_DESCRIPTION OF THE TASK:_ In the listing below, find the line with "Scheduled for Saturday, April" and the line with "Hidden among the", then return them and every line between them exactly, minus the pictures.

══ DATA FOR THIS TASK ══

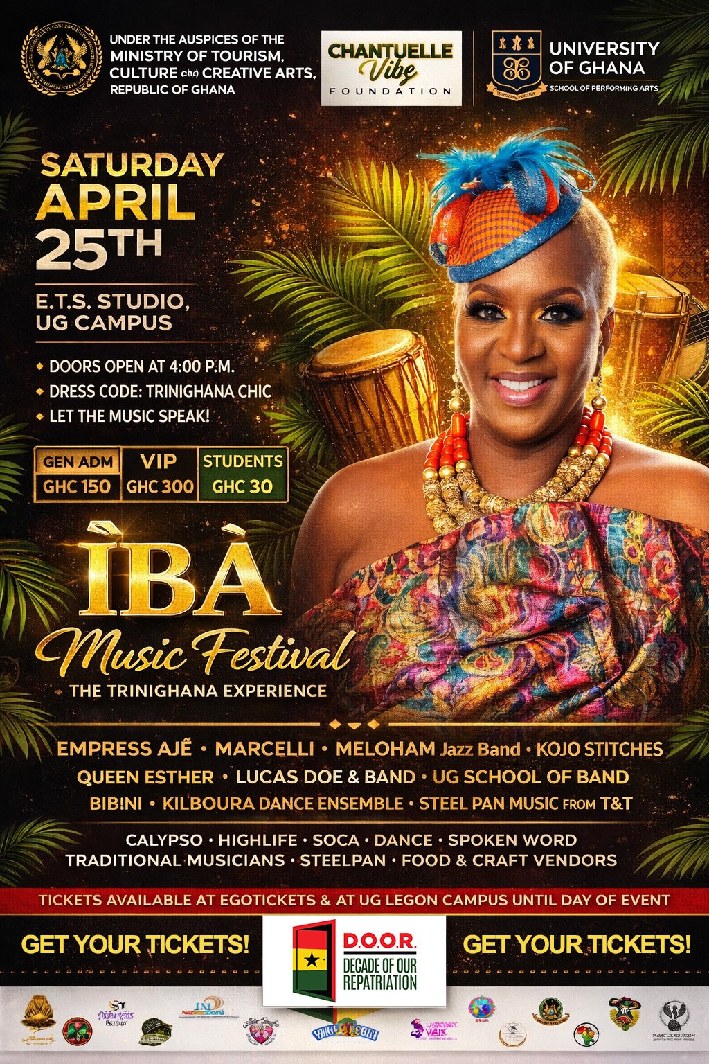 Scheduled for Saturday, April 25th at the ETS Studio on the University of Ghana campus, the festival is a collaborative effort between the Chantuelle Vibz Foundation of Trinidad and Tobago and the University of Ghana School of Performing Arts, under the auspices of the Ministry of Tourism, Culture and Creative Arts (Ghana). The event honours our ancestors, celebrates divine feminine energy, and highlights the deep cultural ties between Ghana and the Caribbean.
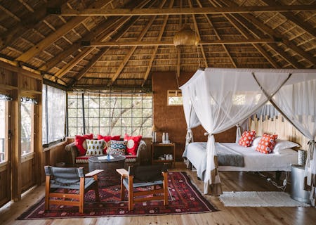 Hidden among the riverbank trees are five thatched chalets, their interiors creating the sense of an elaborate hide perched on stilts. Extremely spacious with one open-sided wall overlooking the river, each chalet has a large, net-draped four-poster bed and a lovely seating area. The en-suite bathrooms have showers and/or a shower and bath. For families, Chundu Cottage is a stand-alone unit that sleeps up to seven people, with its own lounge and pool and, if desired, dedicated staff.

═══
══ DATA FOR THIS TASK ══

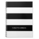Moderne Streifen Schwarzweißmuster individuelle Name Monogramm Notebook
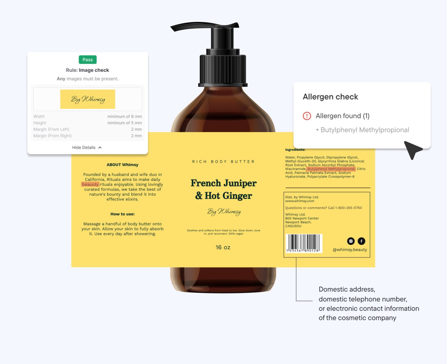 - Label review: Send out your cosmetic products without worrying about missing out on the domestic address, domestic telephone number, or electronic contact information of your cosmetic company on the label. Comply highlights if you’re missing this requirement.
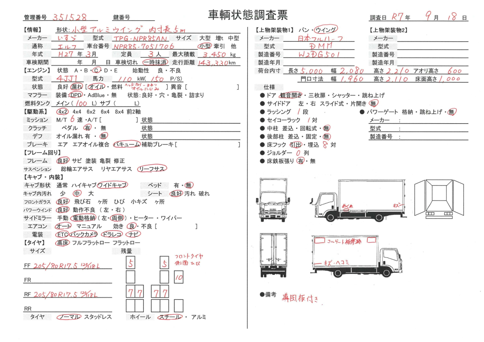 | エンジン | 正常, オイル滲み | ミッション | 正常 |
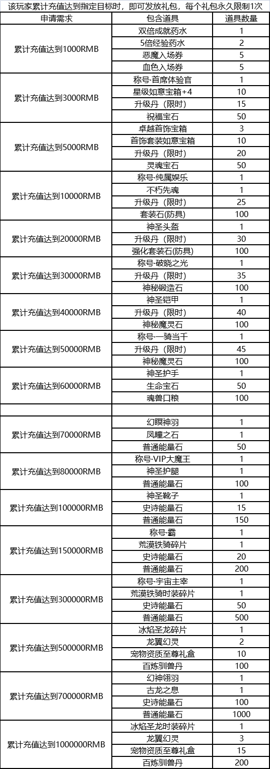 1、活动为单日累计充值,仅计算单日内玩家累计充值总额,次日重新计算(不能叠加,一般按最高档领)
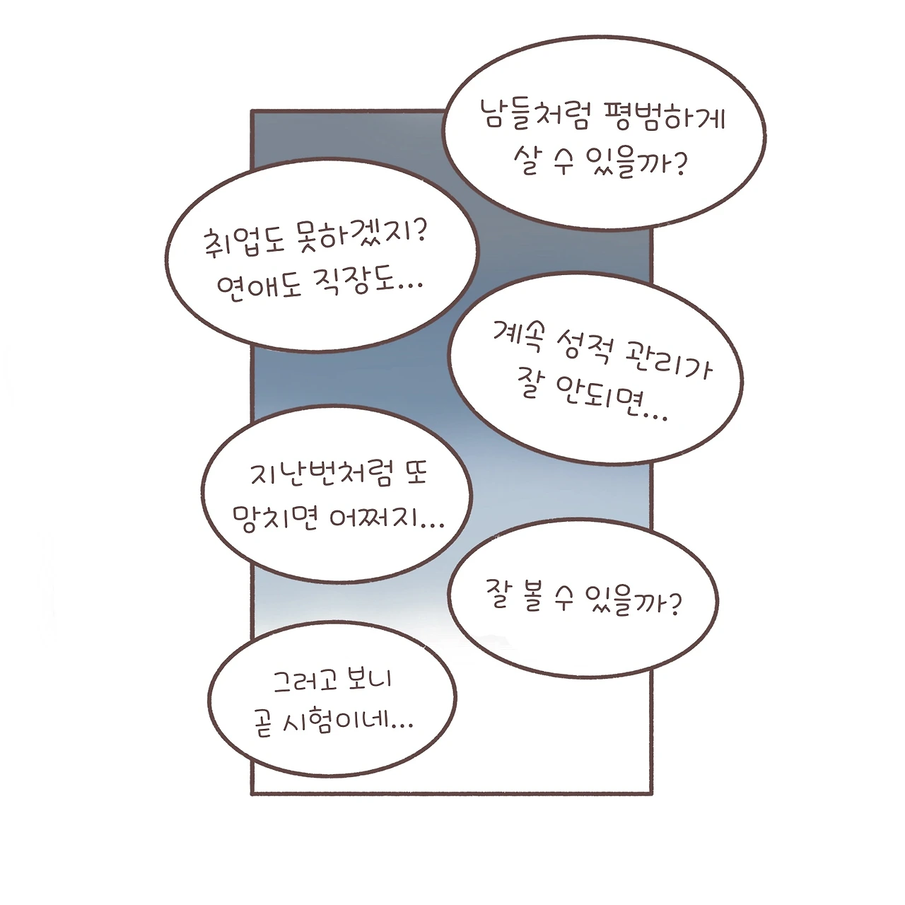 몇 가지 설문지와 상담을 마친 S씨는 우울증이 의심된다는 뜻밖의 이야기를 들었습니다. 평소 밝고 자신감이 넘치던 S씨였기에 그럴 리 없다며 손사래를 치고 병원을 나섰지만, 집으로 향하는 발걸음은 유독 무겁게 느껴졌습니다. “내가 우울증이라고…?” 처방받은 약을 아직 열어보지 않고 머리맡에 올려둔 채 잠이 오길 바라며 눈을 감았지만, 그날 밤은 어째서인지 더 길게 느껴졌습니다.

═══

_TASK RESPONSE:_
 Scheduled for Saturday, April 25th at the ETS Studio on the University of Ghana campus, the festival is a collaborative effort between the Chantuelle Vibz Foundation of Trinidad and Tobago and the University of Ghana School of Performing Arts, under the auspices of the Ministry of Tourism, Culture and Creative Arts (Ghana). The event honours our ancestors, celebrates divine feminine energy, and highlights the deep cultural ties between Ghana and the Caribbean.
 Hidden among the riverbank trees are five thatched chalets, their interiors creating the sense of an elaborate hide perched on stilts. Extremely spacious with one open-sided wall overlooking the river, each chalet has a large, net-draped four-poster bed and a lovely seating area. The en-suite bathrooms have showers and/or a shower and bath. For families, Chundu Cottage is a stand-alone unit that sleeps up to seven people, with its own lounge and pool and, if desired, dedicated staff.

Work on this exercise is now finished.